The 1619 Project (Hulu, January 26)
Launched in 2019 to coincide with the 400th anniversary of the first enslaved Africans to arrive in what is now the United States, the 1619 project has evolved into an attempt to examine American history with a renewed emphasis on the establishment of slavery, its lasting impact. the world, and the untold gifts of black Americans. Organized by historian Nikole Hannah-Jones, the project has now been adapted into a six-part series focusing on everything from the political system to American music. Watch with a free trial at Hulu here.
Poker face (Peacock, January 26)
Acting dissatisfied with reviving whodunnit na Knives Outdirector Rian Johnson is now looking to breathe new life into the eccentric-sleuth-solves-a-new-case-every-week TV series made popular in the past decades by similar shows. Columbus. Natasha Lyonne stars as Charlie Cale, a cross-country woman with the gift of being able to tell when someone is lying that accidentally made her a detective. Check it out at Peacock here.
Shotgun Wedding (Prime Video, January 27)
Coming a few months after its theatrical release last summer, this action/rom-com hybrid stars Jennifer Lopez and Josh Duhamel as newlyweds who decide to call it quits before their families are kidnapped. Check out the 30-day free trial of Amazon Prime here.
Infinity Pool (Theatre and VOD, January 27)
It’s been hard to sniff out too many plot twists about the latest film from Brandon Cronenberg (Owner), which will hit theaters soon after premiering at Sundance. But we do know that it stars Mia Goth and Alexander Skarsgård as a couple whose trip to an all-inclusive resort goes awry and, based on Cronenberg’s previous work, will go memorably wrong.
You People (Netflix, January 27)
Black–ish creator Kenya Barris makes his directorial debut with the comedy starring Jonah Hill (who wrote the film with Barris) as Ezra, a Jewish Los Angeleno who wants to marry a woman named Amira (Lauren London). Perhaps getting in the way: their parents, played by Eddie Murphy, Nia Long, Julia Louis-Dreyfus, and David Duchovny. Watch on Netflix here.

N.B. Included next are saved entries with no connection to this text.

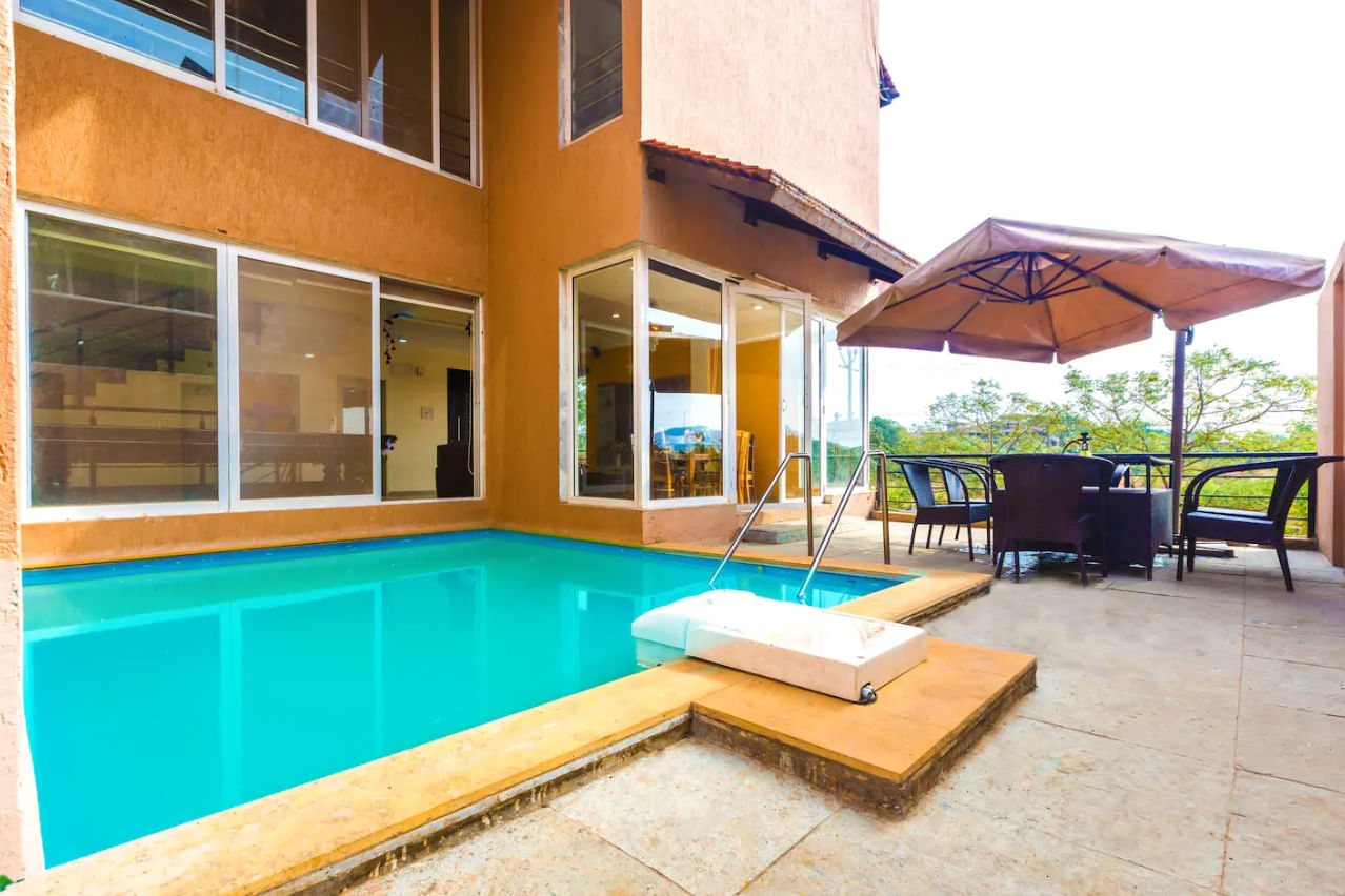 Serene and secluded, Ophelia villa is chock-full of modern amenities and has something for everybody. The 3BHK villa has a private pool, a private lawn and even a glass terrace area to sit out on and enjoy all that’s around you. The living room opens up to the pool area, that offers a great view.
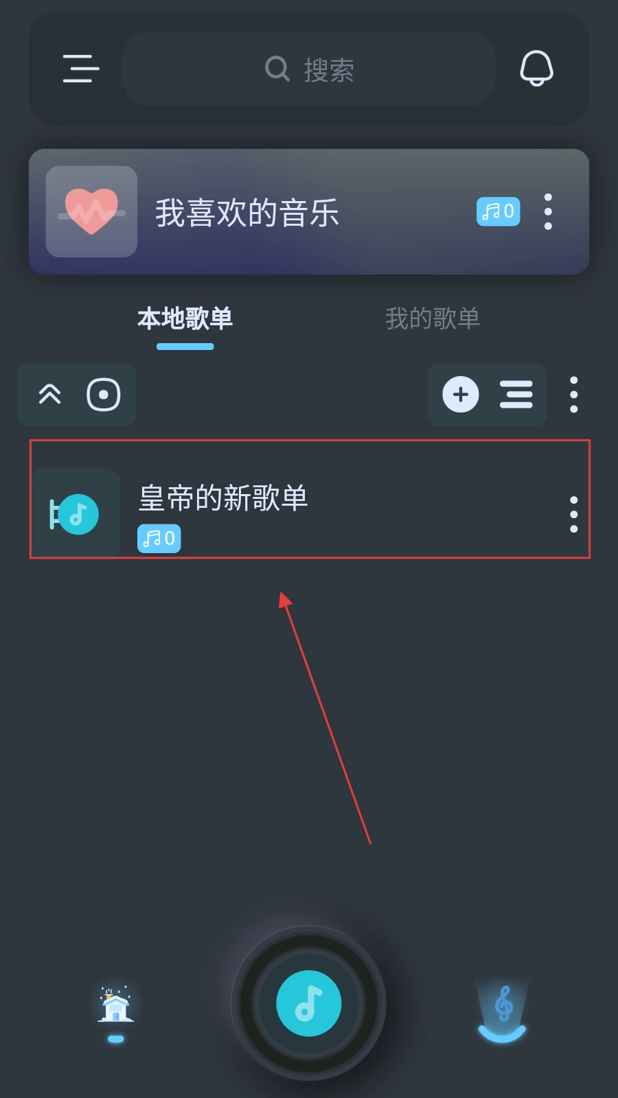 完成歌单创建后,就可以在本地歌单页面查看刚刚新建的歌单了。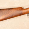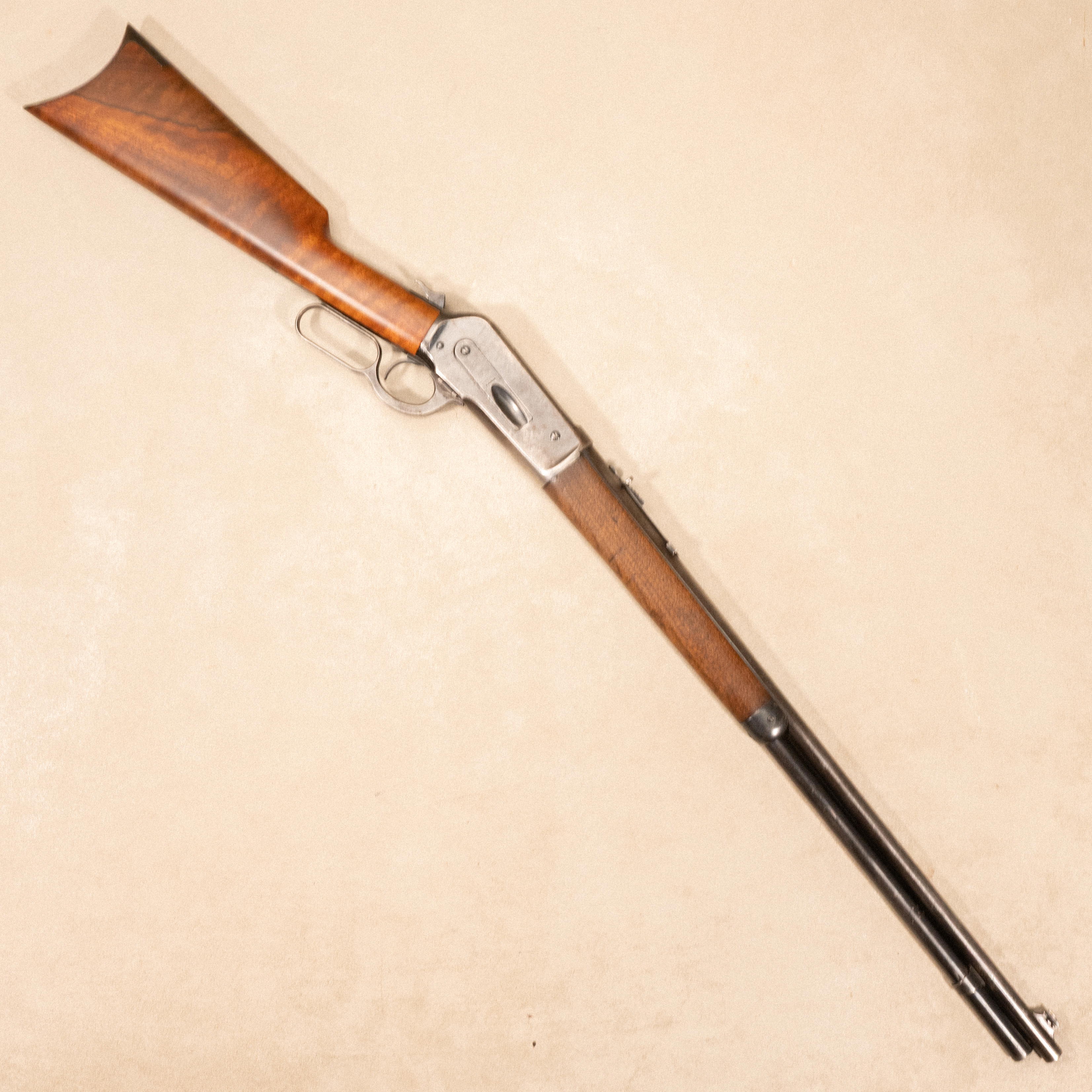 This example was manufactured in 1905 and is chambered in .33 WCF. The .33 WCF (Winchester Center Fire) cartridge was introduced in 1902 specifically for the Model 1886, offering a modern smokeless powder cartridge suitable for heavy game in a lever action platform. It is fitted with a 24 inch round blued barrel and a full length tubular magazine. The rifle features a walnut stock with a curved steel buttplate and a walnut forend. The front sight is a Marble's Sheard with gold bead, and the rear sight is an adjustable semi buckhorn. No original box or accessories included.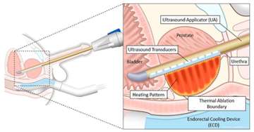 TULSA relies on a rod-shaped device that is inserted into the urethra. The novel device has 10 ultrasound-generating elements that can cover the entire prostate gland. One or more of the elements are used to send out sound waves that heat and destroy the target prostate tissue. The elements are controlled automatically by a software algorithm that can adjust the shape, direction and strength of the therapeutic ultrasound beam. The entire procedure takes place in an MRI scanner so that doctors can closely monitor treatment and assess the degree and location of heating.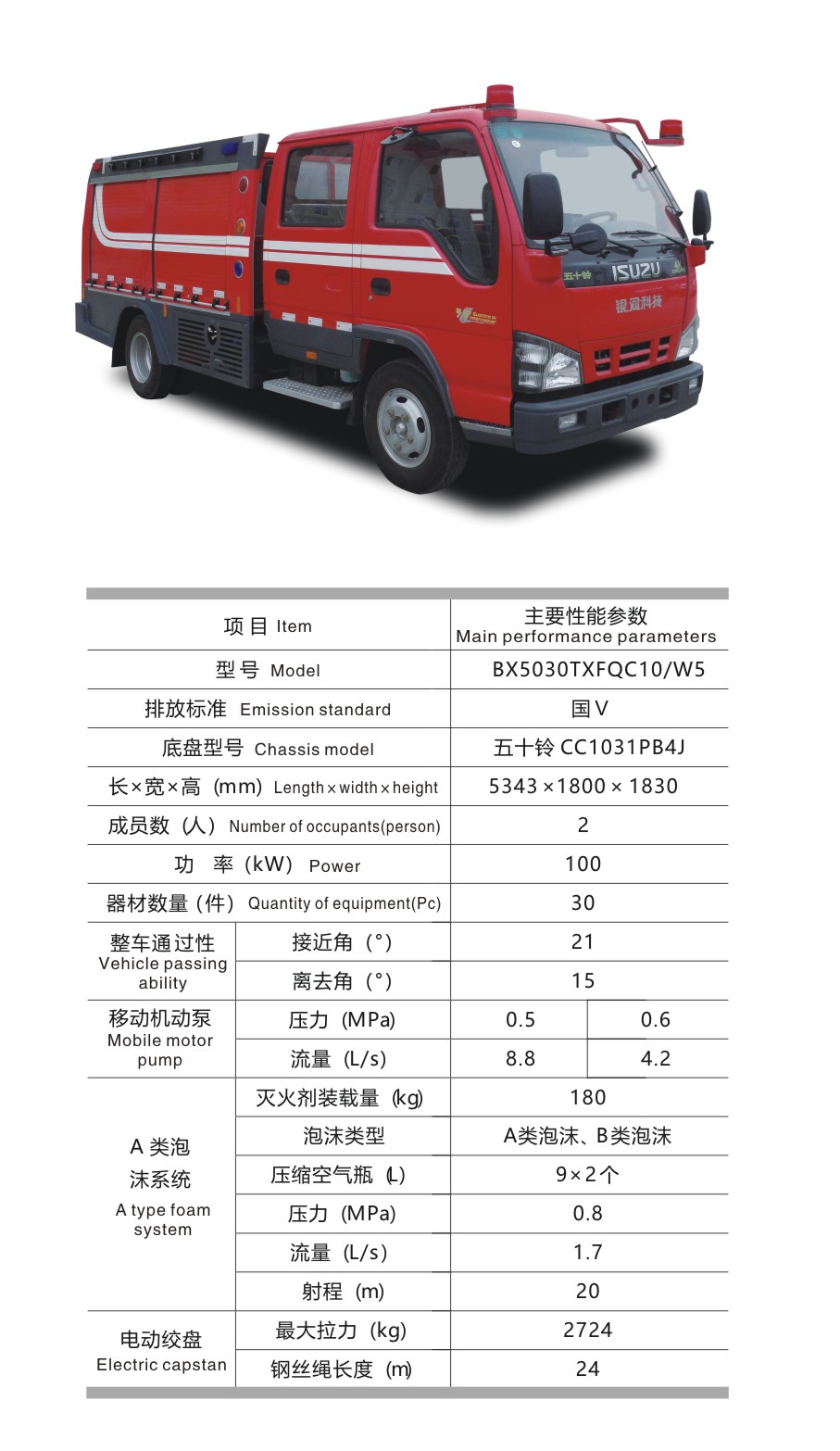 BX5030TXFQC10/W5 器材消防車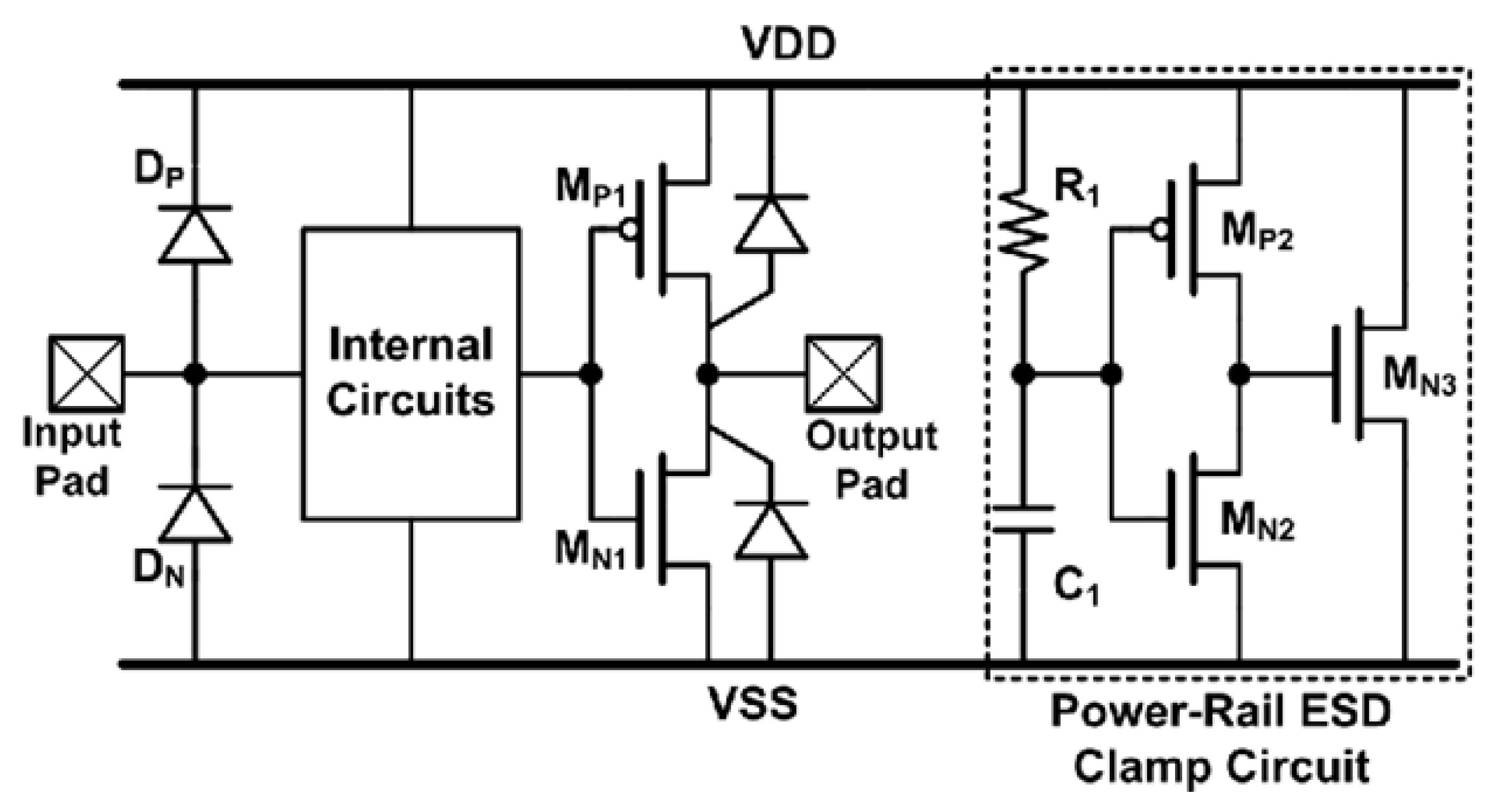 - Ker, M.D.; Chang, W.J.; Wang, C.T.; Chen, W.Y. ESD Protection for Mixed-Voltage I/O in LowVoltage Thin-Oxide CMOS. In Proceedings of the 2006 IEEE International Solid State Circuits Conference—Digest of Technical Papers, San Francisco, CA, USA, 6–9 February 2006; pp. 2230–2237. [Google Scholar] [CrossRef]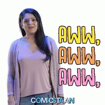 Kaneez looking sweet and emotional, reacting with an 'Aww' expression, from Comicstaan.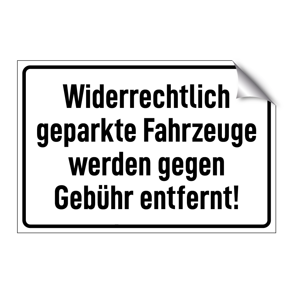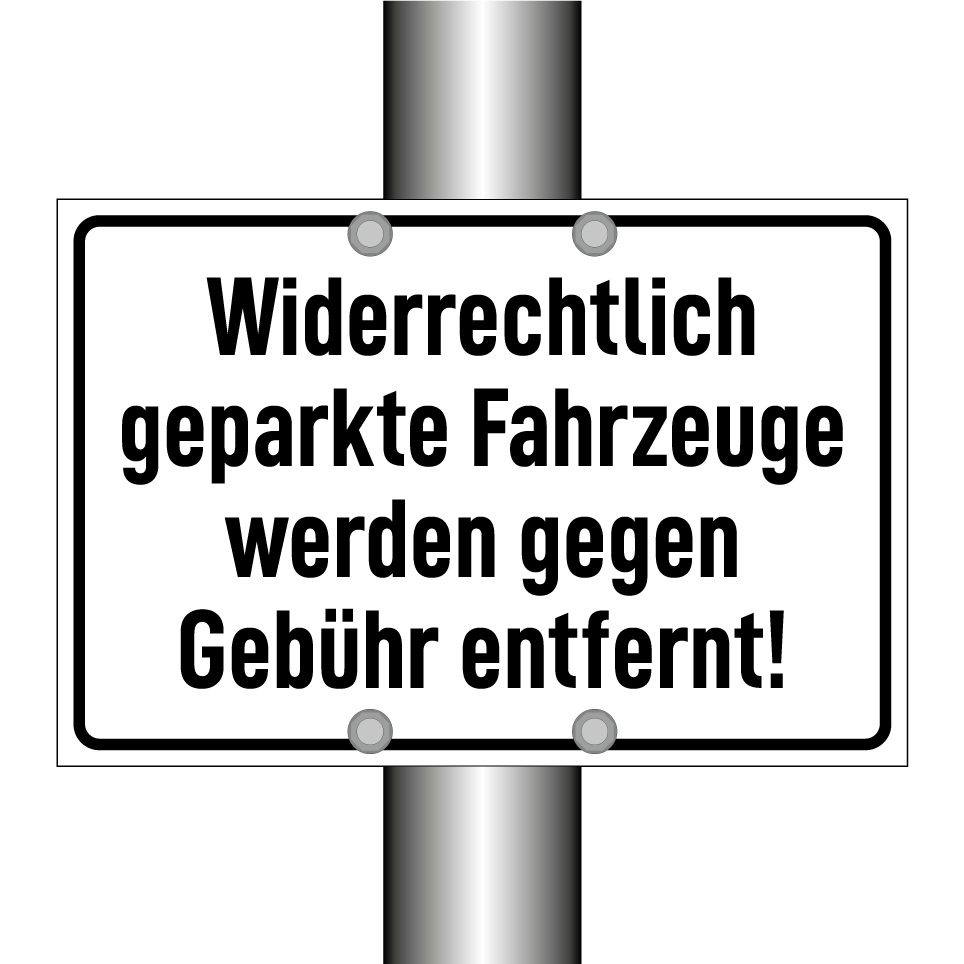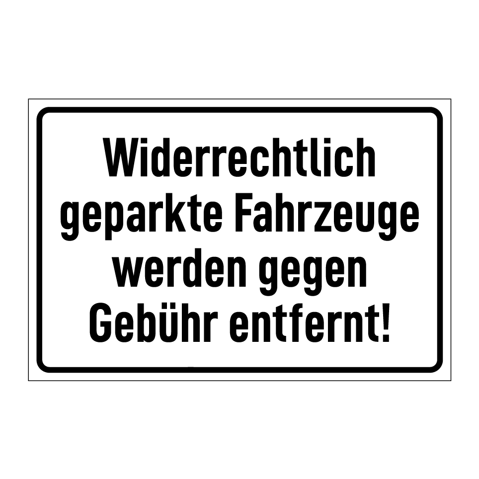 Widerrechtlich geparkte Fahrzeuge werden gegen Gebühr entfernt!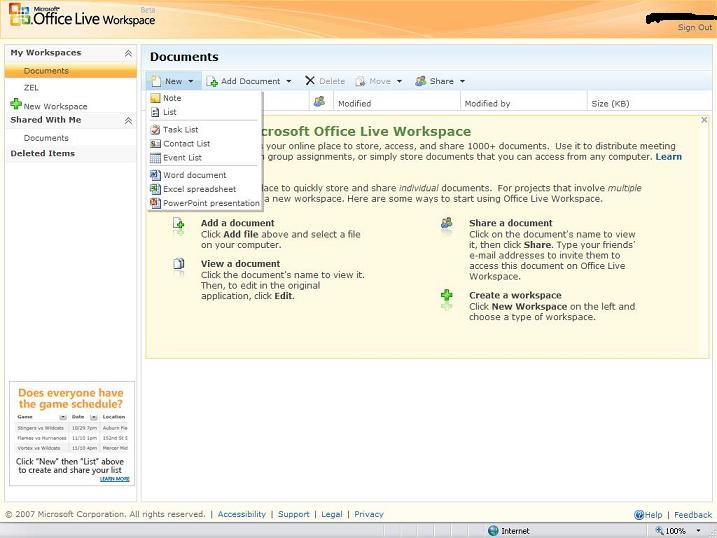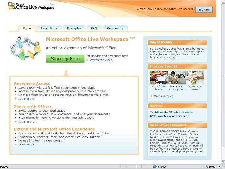 - Klikneme na „Save to Office Live“ a následné na „Sing in to Office Live Workspace Beta“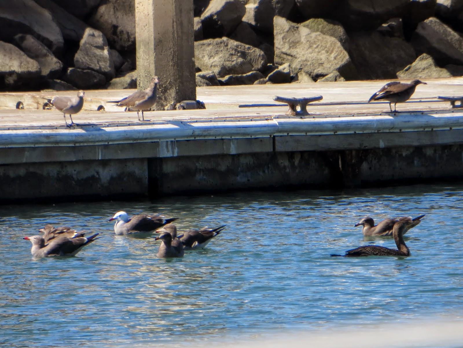 There were many cormorants in the harbor and out on the ocean, but very few of them were Double-crested Cormorants. There were one or two here and there in the harbor, often hanging around with groups of Heermann's Gulls. Below are two photos of Double-crested Cormorants with the gulls.

Decreasing (Apple TV+, January 27)
In a new comedy created by Bill Lawrence, Brett Goldstein and Jason Segel, Segel plays a therapist whose sadness causes him to stop talking to his patients. The talent behind the scenes, which includes director James Ponsoldt (The End of the Journey) is fun, and so is the cast, which includes Harrison Ford and Jessica Williams. Check out a free trial of Apple TV+ here.